Interest groups from the U.S. Chamber of Commerce to the American Institute of Architects are counting on their Senate allies to alter the revenue-raising offsets passed by the House as part of a package of tax cuts and benefit extensions…[L]obbyists are trying to force some combination of carveouts, scalebacks and delays to the revenue-raising provisions that the House passed.

Business Roundtable President John Castellani said “there is a group of senators who have been ‘very supportive of making sure that U.S. companies are competitive internationally,’ but did not name names.”

As Zaid Jilani noted, lobbyists are saying that the carried interest change will target everyone from cancer patients to pensioners, based on the false claim that it will be a direct tax on investment. And the Senate has been steadily watering down the provision, suggesting that only 50 or 60 percent of carried interest should be subject to income tax rates.

But make no mistake: this is a change aimed at ensuring that incredibly wealthy people who manage money for others pay the same income tax rates as everyone else. As Citizens for Tax Justice explained, “the change affects only the managers of venture capital funds. It doesn’t change how the investors are taxed.”

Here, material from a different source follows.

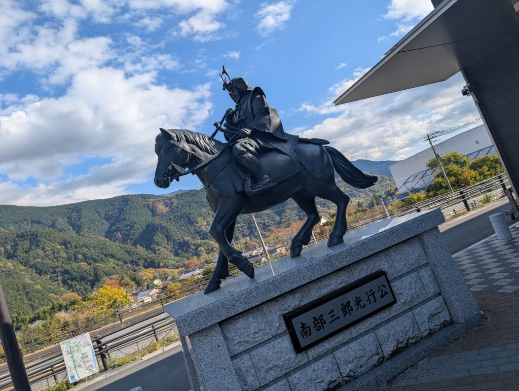 • その功により、甲斐国南部牧(現在の山梨県南巨摩郡南部町)を与えられ、この地の名をとって南部姓を称したのが南部氏の始まりと伝わります。

As for the corporate tax change, it remains the case that a $100 billion annual tax burden is shifted onto the tax-paying population by tax avoidance. Allowing corporations to claim U.S. credits for profits they never repatriate creates no incentive for ever bringing that money back. As House Ways and Means Committee Chairman Sander Levin said, the status quo is “tilting the playing field in favor of investment overseas.”

With deficit hysteria currently gripping Capitol Hill, and the right-wing fearmongering about every little tax increase anyone suggests, raising revenue from common sense places is critical. Closing these loopholes, which only benefit the very wealthy and huge corporations, is a good place to start.